Membership Agreement • Agreement establishes a framework for the relationship between all partners • All partners must agree to terms of the agreement which spells out: • IP issues • Membership fees: contribution of each member • Creation of the Steering Committee • Publication rights • Evaluation metrics
Possible Center Evaluation Metrics • # of Cancer-relevant target(s) characterized • Establishment of high throughput, target-based screens • Method of analysis of data from HTS successfully utilized to identify true hits. • Communication between and contribution of all partners to the Center • Number of patents, INDs filed, clinical trials supported • Number of licenses for new IP • Number of NDAs.
Intellectual Property • IP issues should be resolved during planning grant period • How IP is handled may vary from group to group • Bayh-Dole may be modified by consent of Center members • NCI should advise, but not mandate how IP will be handled by each Center
Grant Mechanism • Cooperative Agreement: • Substantial NCI scientific and/or programmatic involvement with the awardee. • NCI's role is to support and/or stimulate the recipient's activity by working with the award recipient. . . , but it is not to assume direction, prime responsibility, or a dominant role in the activity.
AP4 Unique Features • Dynamic management: SC will make go/no go decisions on projects; direct authority to add new projects and shift funds – a fundamental difference from traditional grant arrangements. • Priority access to DTP development resources for SC approved projects (must meet DCTD Drug Development Group criteria). • AP4 is a test case for NCI – a partnership between academics, industry, non-profits and the gov’t. • Mingling of funds from gov’t. and partners will lessen gov’t. financial responsibility.

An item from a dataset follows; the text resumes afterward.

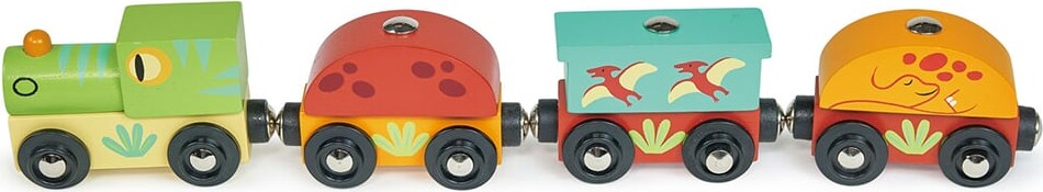 Dette tog som er kompatibel med andre Mentari stųrre togskinner i trę, bedstår en togmotor i trę og tre vogne, med aftagelige dinosaurstykker. De 3 dinosaurvogne er dekoreret i klare farver og er...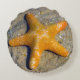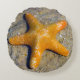 Dieses runde Kissen bietet einen bunten Seestern, der auf beiden Seiten auf einem Sandstrand ruht.

Attraction for Partners • NCI $ support for high risk research of interest to the cancer research community • Establishes long-term relationship between academia, industry, and non-profits • Each partnership determines its own ground rules – defines beneficial interdisciplinary membership • Can develop students knowledgeable in drug discovery and development-relevant research
AP4 Initiation Sequence • NCI - Announcement of program • Proposed AP4 Director – may submit LOI • Proposed AP4 Director - submits application for planning grant • NCI - peer-review of planning grant • Proposed AP4 Director – uses planning grant to find potential partners and form partnership • (Evidence of planning grant success is a submitted Center proposal) • NCI – peer review of Center proposals
AP4 – Anticipated Time Line • 2003 • February/March - Presentation to EC and BSA • July – Present program to the AACR • July - Appears in NIH guide • November - Receipt of planning grant applications • 2004 • February - Review of planning grant applications • June - Planning grant awards • 2005 • June - Receipt of Center applications • September - Review of Center applications • November - NCAB Funding approval • January ‘06 – Awards made
AP4 Conclusion • What is proposed – AP4 Centers will be Cooperative Agreements based at academic or non-profit institutions; membership will be comprised of academics, industry, government and non-profits. • Why - to discover new interventions translatable into therapies, recent NDA filings tell us technology alone is not enough. It is essential that multi-disciplinary and multi-institutional talents be partnered in this effort. • Uniqueness – focus on partnering, new technologies, and underserved diseases, with Gov’t and members sharing costs; SC vested with the power to make immediate go/no go decisions.